The more I think about this, the more confusing servers-of-happiness becomes as a measure or selector of reliability. But then, I'm easily confused :-)

comment:24 in reply to: ↑ 21 Changed at 2009-08-17T22:16:05Z by davidsarah

Replying to swillden:

Perhaps it would be better to measure happiness by "number of servers that can fail without losing the file"? I think that makes the implications of setting the parameter much easier for users to understand, and it's not complicated for Tahoe to compute: Just generate the peer list, assign share counts to the peers, sort by share count (ascending), and sum up the list until total >= k. The number of remaining, unsummed, servers is the maximum that can be lost without losing the file.

This sounds like the right thing to me.

comment:25 follow-up: Changed at 2009-08-18T15:00:21Z by zooko

I'm not sure how this k interacts with the number-of-shares k. Are you assuming implicitly that there is only one share per server?

Treat that as an "implementation detail" that Tahoe-LAFS can optimize as it likes, as long as the guarantee that it offers to the user still holds: that there are h servers, the survival of any k of which will guarantee the survival of the file. (Where there will be m total servers if possible, but at least h servers, or else the upload fails.)

That seems to be what users like metacrob think that we are already offering, and it is also the property that I would like from my backups. It is "the erasure-coding property" as applied to servers, not to shares. (Under the hood, of course, Tahoe-LAFS has to produce shares and then decide how to upload them in order to achieve this property and also to optimize other things like up- and down- transfer performance.)

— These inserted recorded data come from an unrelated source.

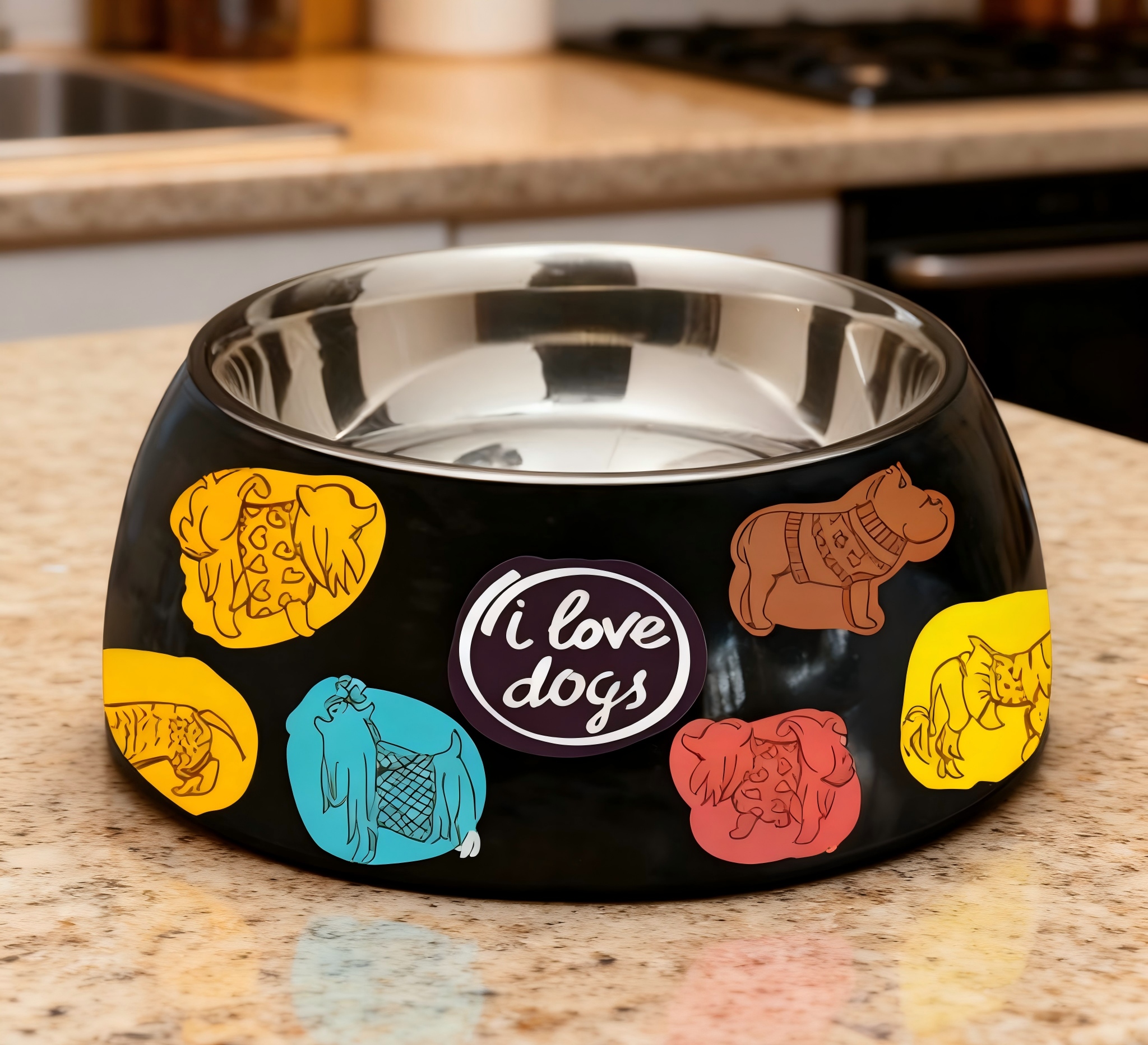 Design: Colorful cartoon dog prints with "I love dogs" text
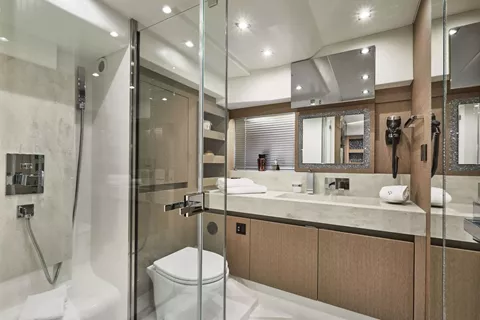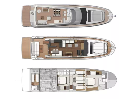 Brand new 20,46m (70’4’’) luxury motor yacht based in Croatia. This refined and chic flybridge cruiser, designed by the renowned Garroni Design cabinet, is made to pamper guests with maximum comfort. Combining luxurious interior finished throughout, she accommodates up to eight guests in four spacious and luminous cabins. From the galley aft, the 360-degree panoramic views to the interior saloon, and the separate access to the master cabin, the Prestige 690 model has numerous stand-out features usually seen on much larger yachts. Notably great 22 m2 hardtop flybridge with an electric sunroof. Yacht also features a fully wireless 3-zone Sonos sound system: in cockpit, saloon, and on the flybridge. Two highly professional crew members provide excellent service and will go the extra mile to cater for your every wish. Whether you're looking for a romantic getaway or a fun-filled family adventure, Prestige 690 is the perfect choice for the Croatia yachting holiday you will never forget.
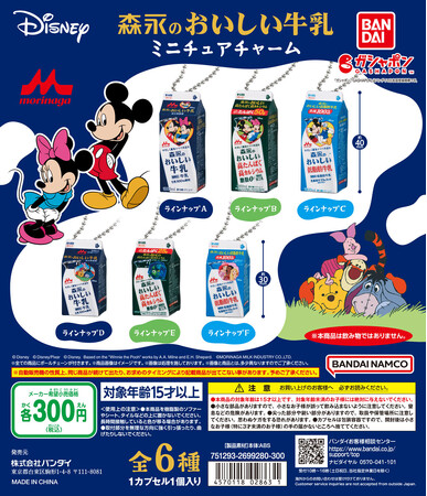 株式会社バンダイ ベンダー事業部(本社:東京都台東区)は、森永乳業株式会社(本社:東京都港区)が製造・販売する「森永のおいしい牛乳シリーズ」のディズニーデザインパッケージをミニチュアチャームにした『Disney 森永のおいしい牛乳 ミニチュアチャーム』(1回300 円・税10%込、全6種)を2023年11月第2週より全国のガシャポンバンダイオフィシャルショップ、玩具売場、量販店、家電店などに設置されたカプセルトイ自販機にて発売いたします。
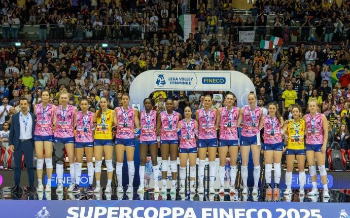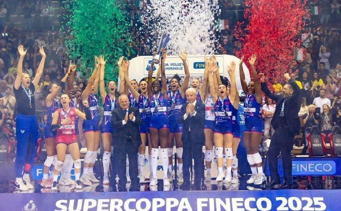 北京时间10月18日,2025年意大利女排超级杯决赛上演巅峰对决,米兰女排以3-2(18-25、25-22、25-20、13-25、15-12)的总比分力克卫冕冠军科内利亚诺,终结对手自2019年以来的国内赛事统治,首次捧起超级杯冠军奖杯。
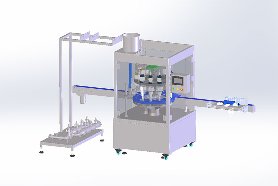 產(chǎn)品描述設(shè)備如下圖1: 此產(chǎn)線配置產(chǎn)品有(從前端到后端):回轉(zhuǎn)式高速上閥機組、離心式高速理閥機、供閥提升機、6工位高精度計量缸&單組增壓泵、6頭封口&6頭充氣一體機(正壓防爆電箱和防爆人機界面)。具有操作簡單,人機交互友好,故障指示等優(yōu)點。便于排查和排除故障。2.各機組完成的生產(chǎn)工藝和性能參數(shù):A.回轉(zhuǎn)式高速上閥機組如圖2所示 圖2 型號:SG-QGQW25-150HSF回轉(zhuǎn)式高速上閥機,16工位回轉(zhuǎn)式高速上閥機汲取國外先進設(shè)備技術(shù)研發(fā)而成,機組由閥門提升機,轉(zhuǎn)盤式離心理閥機(此設(shè)備根據(jù)閥門形式非標定制)和高速回轉(zhuǎn)上閥機構(gòu)成。工作原理為一個送閥軌道...
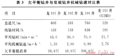 3) 龍110井的現(xiàn)場試驗表明,沙一段至馬鞍山組層段開展欠平衡鉆井,能有效地提高機(jī)械鉆速,且與鄰井龍104井的常規(guī)鉆井相比,最高可達(dá)206%。
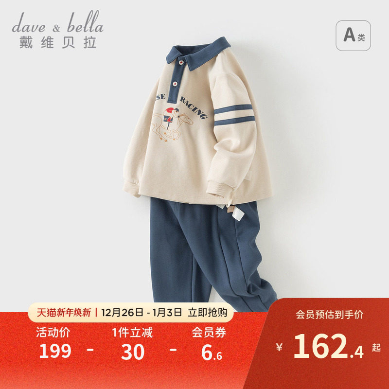 戴维贝拉男童运动套装2025秋装新款儿童polo衫裤子两件套宝宝衣服
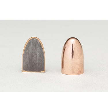 Hornady® FMJ handgun bullets have long served as a standard for target shooting applications. Hornady® FMJ bullets are built with a rugged jacket and the difference in performance is clear. The thinly plated full metal jacket from other manufacturers is easily distorted and often breaks or separates when the bullet impacts the target.
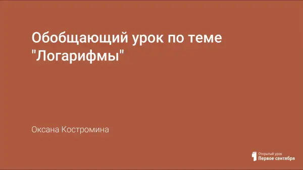 Представлен обобщающий урок по теме "Логарифмы" в курсе 10-го класса предмета "Алгебра и начала анализа". Целью данного урока является: обобщение и закрепление изученного материала; формирование компетентности в сфере индивидуальной самостоятельной познавательной деятельности, критического мышления, а также навыков работы в команде; формирование представлений об идеях и методах математики, о математике как форме описания и методе познания действительности.
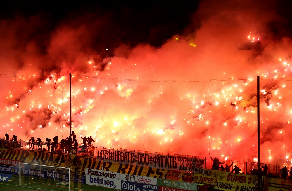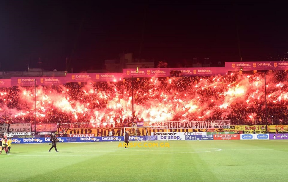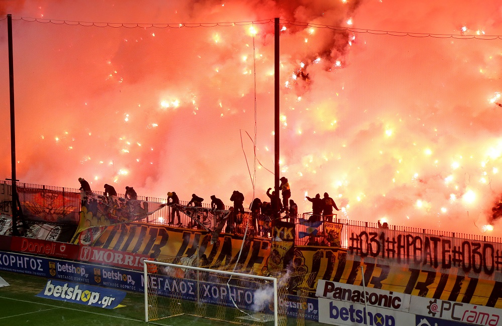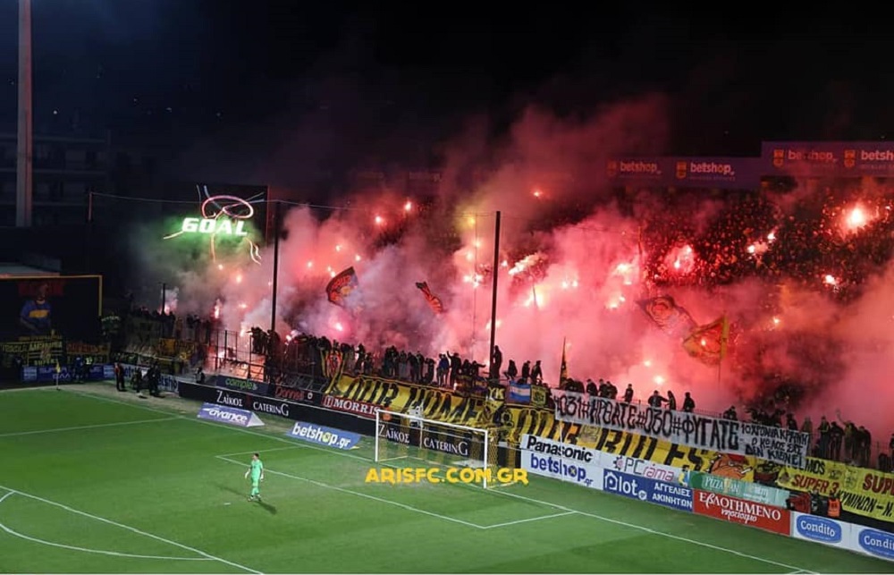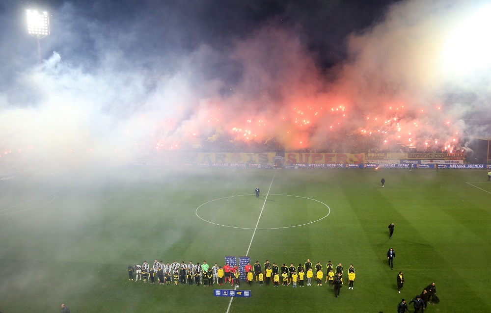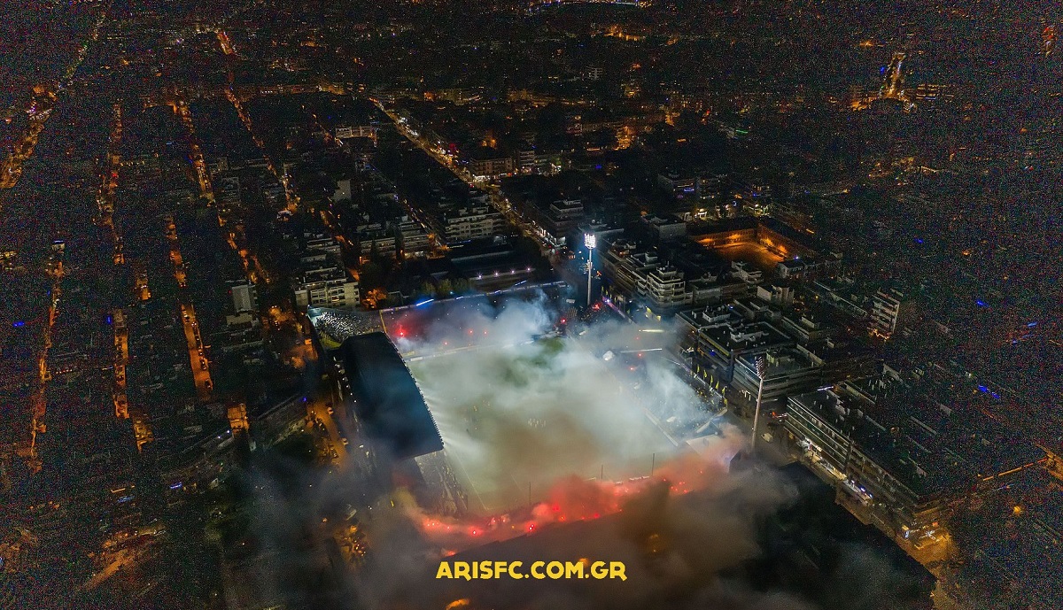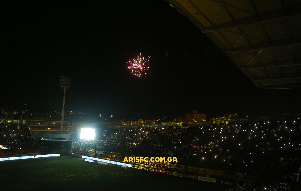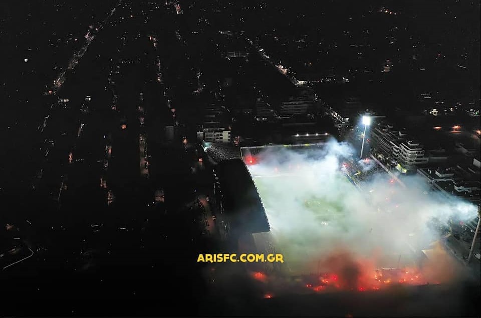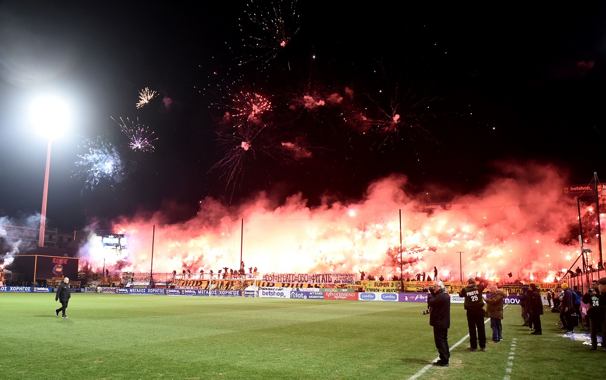 Ατμόσφαιρα γιορτινή, φαντασμαγορική (τα σβηστά φώτα ήταν πολύ όμορφη στιγμή), με πολλά παιδιά στις κερκίδες και κυρίως ΧΩΡΙΣ ΕΚΤΡΟΠΑ. Ενα Βικελίδης «αγριεμένο» που έκανε τη… νύχτα μέρα με τα εκατοντάδες καπνογόνα που άναβαν σε κάθε ευκαιρία.

(Also, I think that it can be implemented as a small patch to the current upload algorithm.)

Shawn: what do you think?

Kevan: you're now my test to see whether I'm making sense about this topic. Is the above coherent? :-)

comment:26 in reply to: ↑ 25 Changed at 2009-08-18T18:03:27Z by swillden

Replying to zooko:

I'm not sure how this k interacts with the number-of-shares k. Are you assuming implicitly that there is only one share per server?

Treat that as an "implementation detail" that Tahoe-LAFS can optimize as it likes, as long as the guarantee that it offers to the user still holds

I like it. Not as much as a statistical reliability threshold, but I like it.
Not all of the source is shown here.